INPUT MATERIAL:

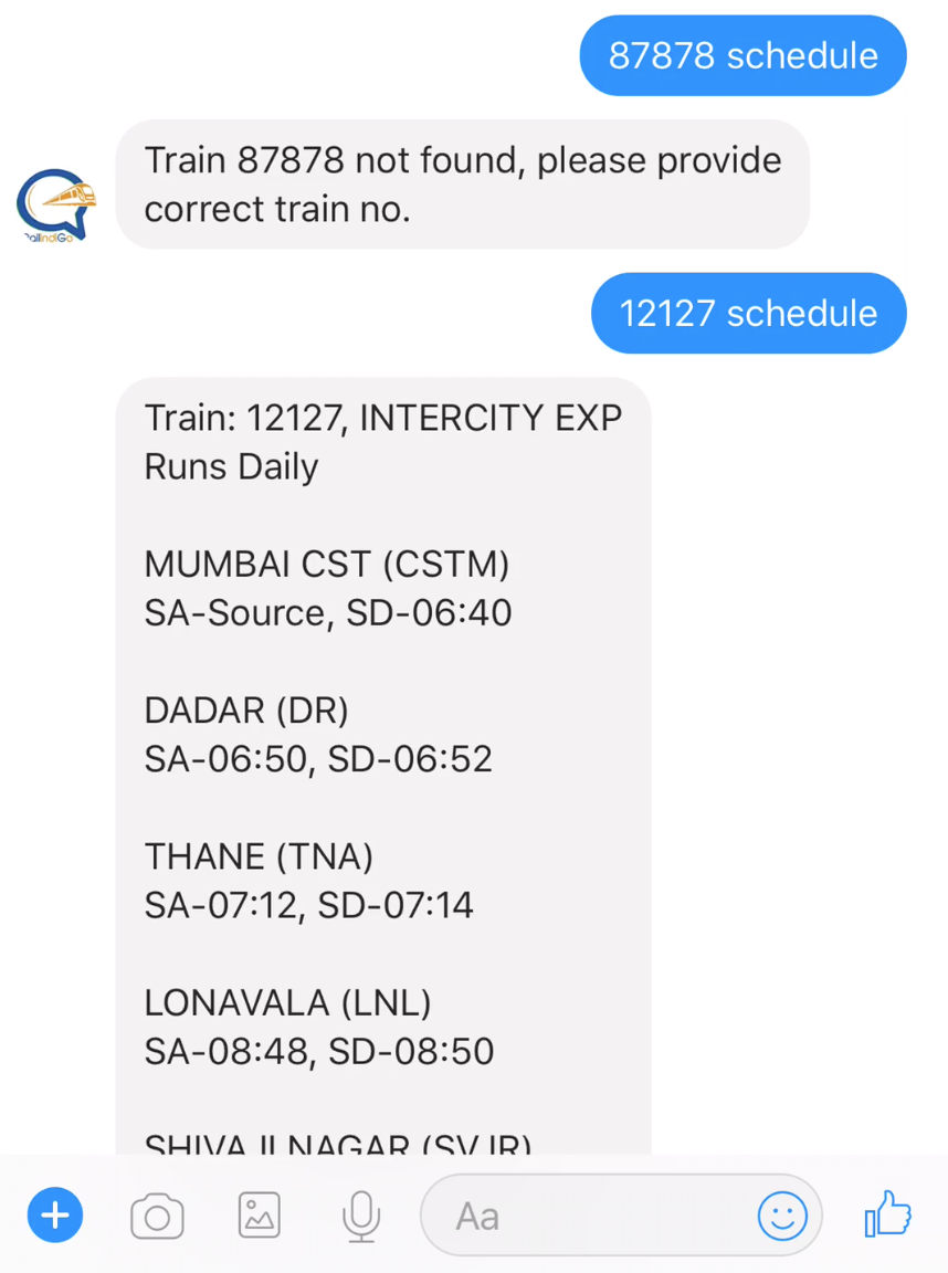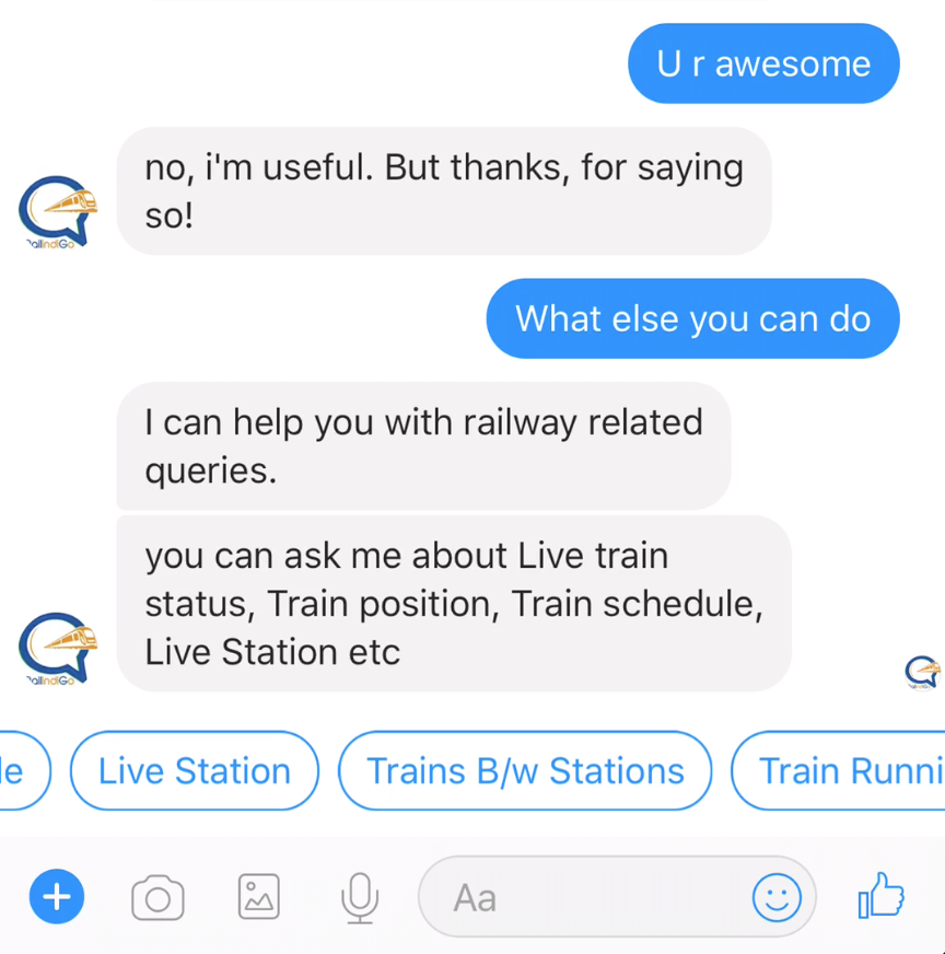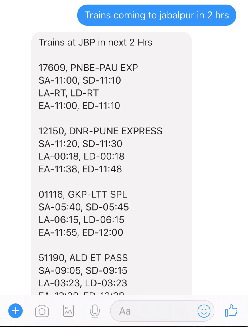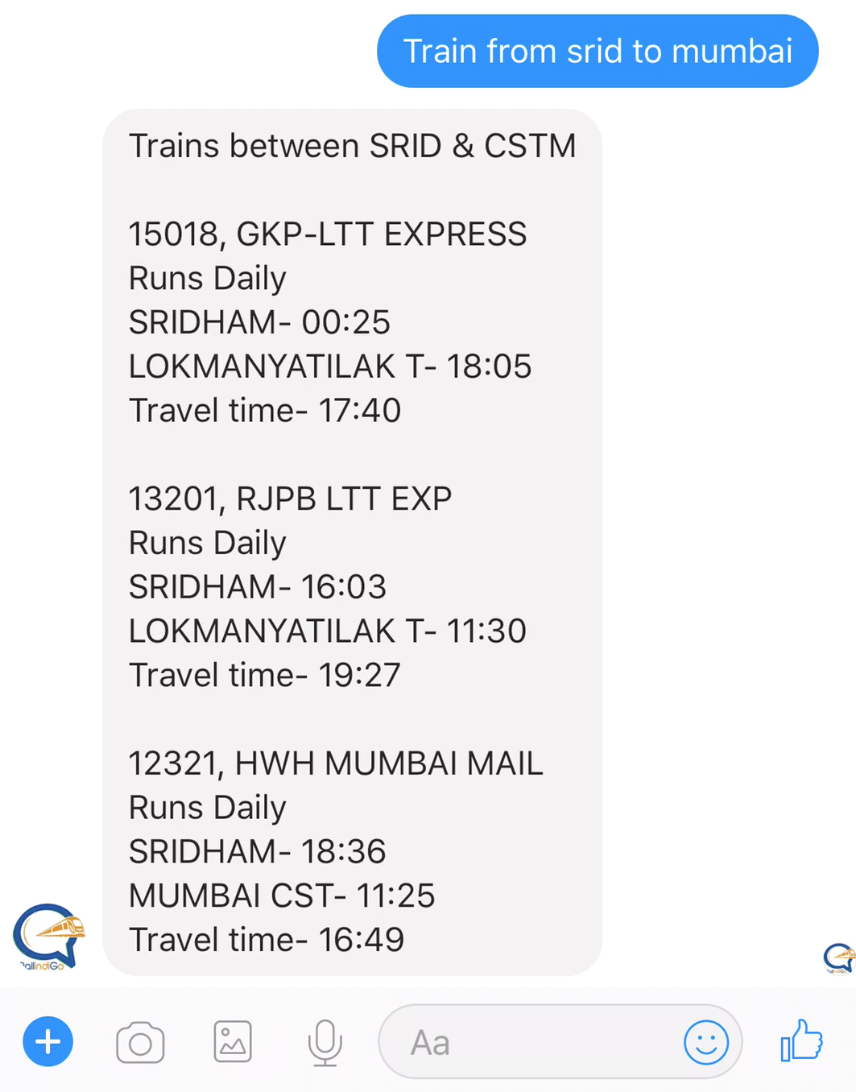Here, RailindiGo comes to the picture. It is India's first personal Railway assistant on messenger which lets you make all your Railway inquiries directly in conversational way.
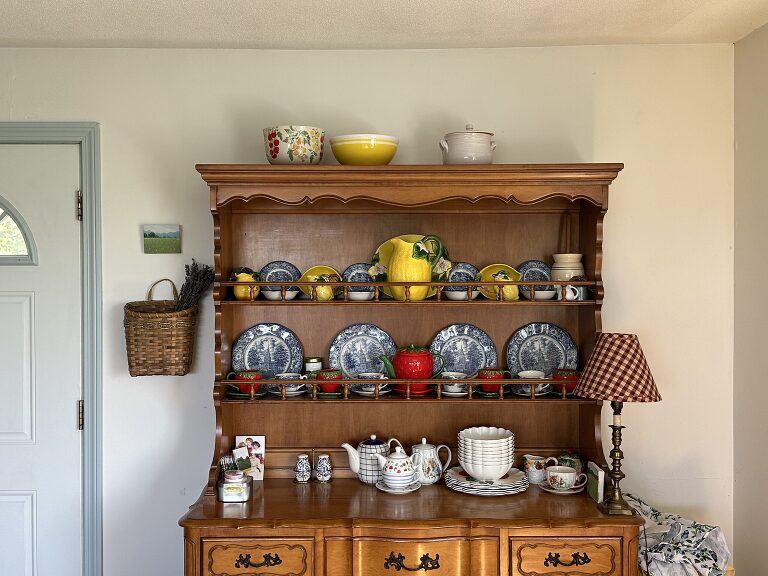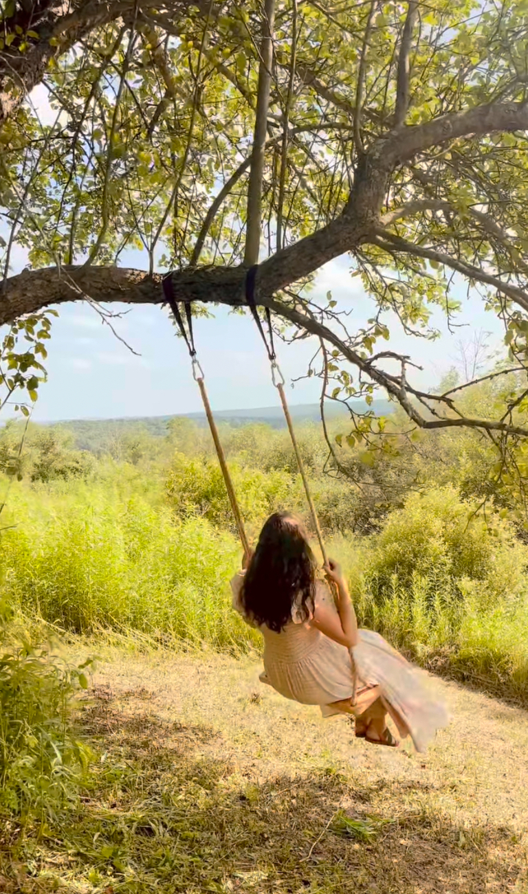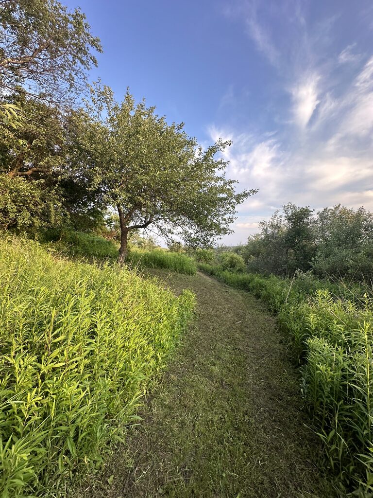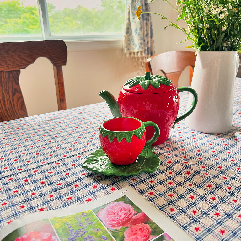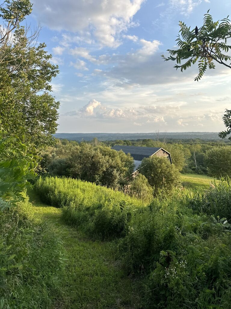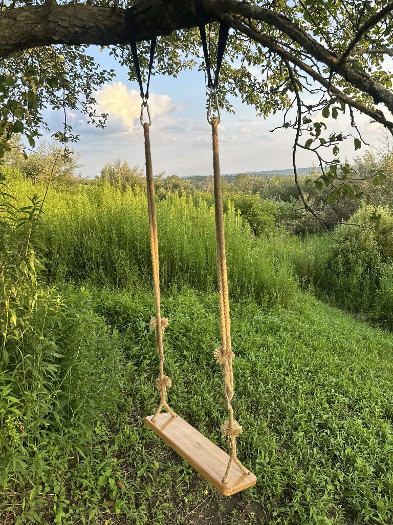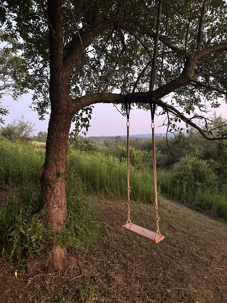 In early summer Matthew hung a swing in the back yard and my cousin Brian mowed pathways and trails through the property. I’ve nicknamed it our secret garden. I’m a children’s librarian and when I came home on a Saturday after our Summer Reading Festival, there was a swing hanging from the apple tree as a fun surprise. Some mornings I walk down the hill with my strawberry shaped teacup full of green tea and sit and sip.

...

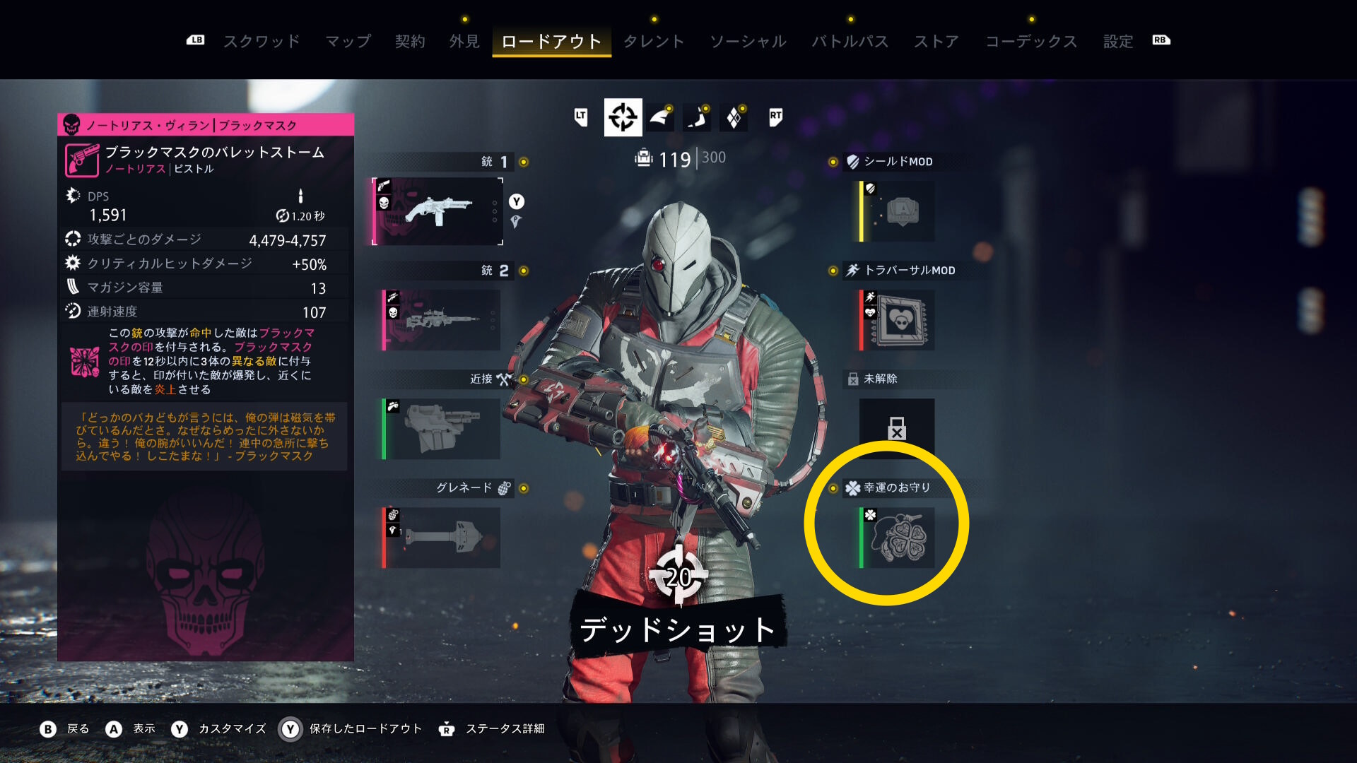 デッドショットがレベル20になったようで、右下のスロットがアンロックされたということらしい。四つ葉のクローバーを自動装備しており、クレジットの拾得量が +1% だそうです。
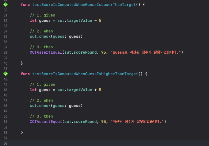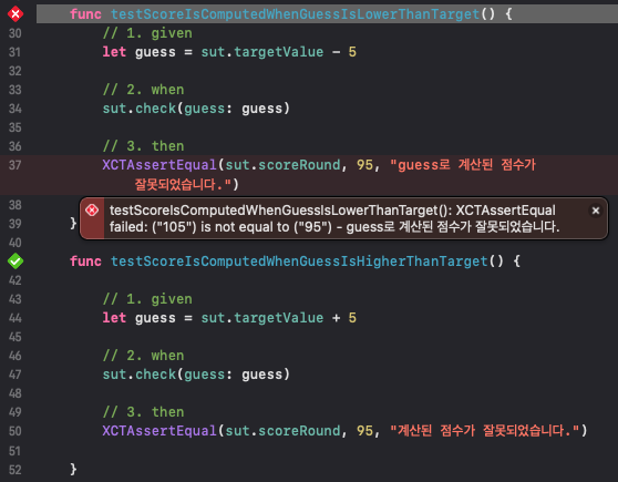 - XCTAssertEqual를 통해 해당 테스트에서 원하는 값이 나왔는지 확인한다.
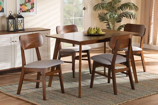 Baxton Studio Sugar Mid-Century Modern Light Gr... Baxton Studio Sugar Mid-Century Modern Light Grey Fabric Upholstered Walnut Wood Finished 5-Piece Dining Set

...

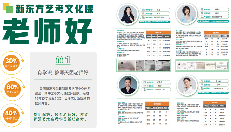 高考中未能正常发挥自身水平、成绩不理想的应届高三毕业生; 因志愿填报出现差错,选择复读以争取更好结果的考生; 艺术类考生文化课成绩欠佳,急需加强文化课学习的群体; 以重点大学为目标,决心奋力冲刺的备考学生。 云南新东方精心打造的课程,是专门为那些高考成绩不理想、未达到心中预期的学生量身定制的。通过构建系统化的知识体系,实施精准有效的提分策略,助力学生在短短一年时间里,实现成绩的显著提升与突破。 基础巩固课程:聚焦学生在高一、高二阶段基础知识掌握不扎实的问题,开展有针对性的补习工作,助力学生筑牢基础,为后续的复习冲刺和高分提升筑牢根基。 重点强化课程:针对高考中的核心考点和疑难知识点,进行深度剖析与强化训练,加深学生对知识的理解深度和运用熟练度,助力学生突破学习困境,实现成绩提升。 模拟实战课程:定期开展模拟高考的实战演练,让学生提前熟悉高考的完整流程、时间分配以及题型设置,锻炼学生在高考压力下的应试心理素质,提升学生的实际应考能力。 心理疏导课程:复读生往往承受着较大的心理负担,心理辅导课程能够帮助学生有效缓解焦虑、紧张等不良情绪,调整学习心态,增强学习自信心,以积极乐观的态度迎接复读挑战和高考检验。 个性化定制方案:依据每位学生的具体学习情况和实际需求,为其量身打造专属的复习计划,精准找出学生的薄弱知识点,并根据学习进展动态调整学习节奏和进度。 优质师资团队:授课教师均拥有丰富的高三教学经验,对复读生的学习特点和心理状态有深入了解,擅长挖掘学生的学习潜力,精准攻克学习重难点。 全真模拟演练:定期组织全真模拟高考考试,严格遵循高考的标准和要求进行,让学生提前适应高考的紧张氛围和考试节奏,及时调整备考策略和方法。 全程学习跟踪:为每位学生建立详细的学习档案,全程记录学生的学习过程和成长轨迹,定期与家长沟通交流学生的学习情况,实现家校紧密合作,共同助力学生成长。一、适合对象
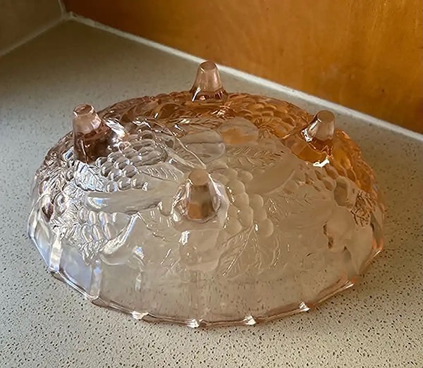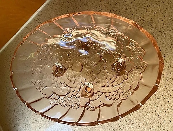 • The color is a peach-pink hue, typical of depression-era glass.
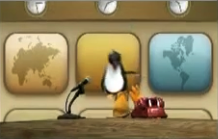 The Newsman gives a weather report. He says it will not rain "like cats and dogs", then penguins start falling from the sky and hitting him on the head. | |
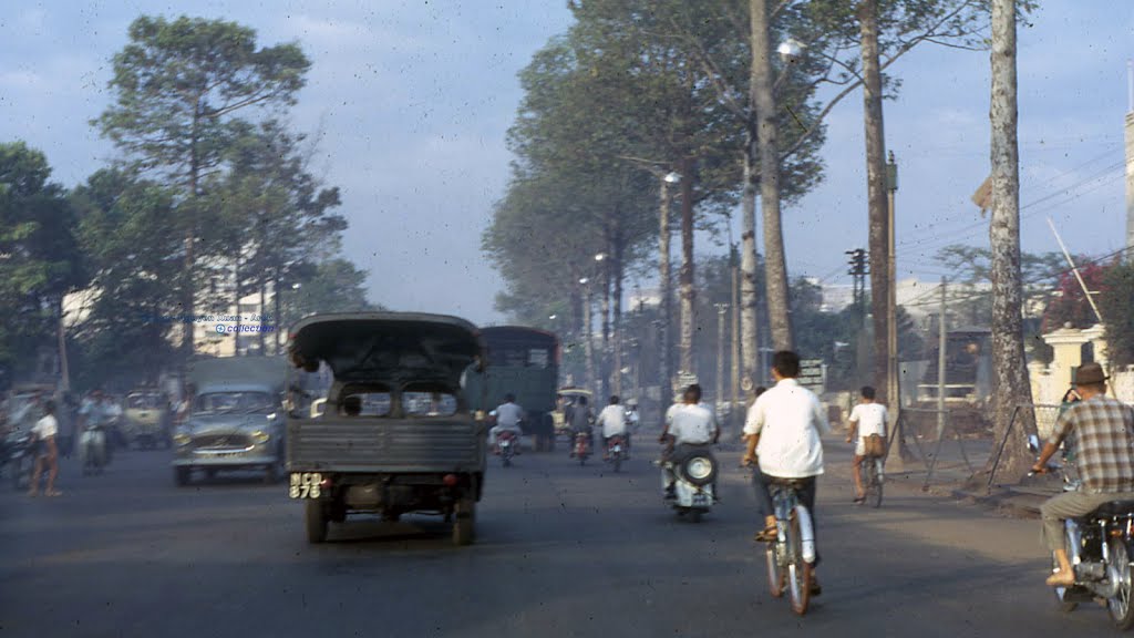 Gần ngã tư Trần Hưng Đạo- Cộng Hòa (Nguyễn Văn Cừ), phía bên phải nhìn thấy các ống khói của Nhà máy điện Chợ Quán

TASK: Copy nothing but the lines above that run from the one with "Here, RailindiGo comes" to the one with "In early summer", ends included; pictures stay out.

RESULT OF THIS EXERCISE:
Here, RailindiGo comes to the picture. It is India's first personal Railway assistant on messenger which lets you make all your Railway inquiries directly in conversational way.
 In early summer Matthew hung a swing in the back yard and my cousin Brian mowed pathways and trails through the property. I’ve nicknamed it our secret garden. I’m a children’s librarian and when I came home on a Saturday after our Summer Reading Festival, there was a swing hanging from the apple tree as a fun surprise. Some mornings I walk down the hill with my strawberry shaped teacup full of green tea and sit and sip.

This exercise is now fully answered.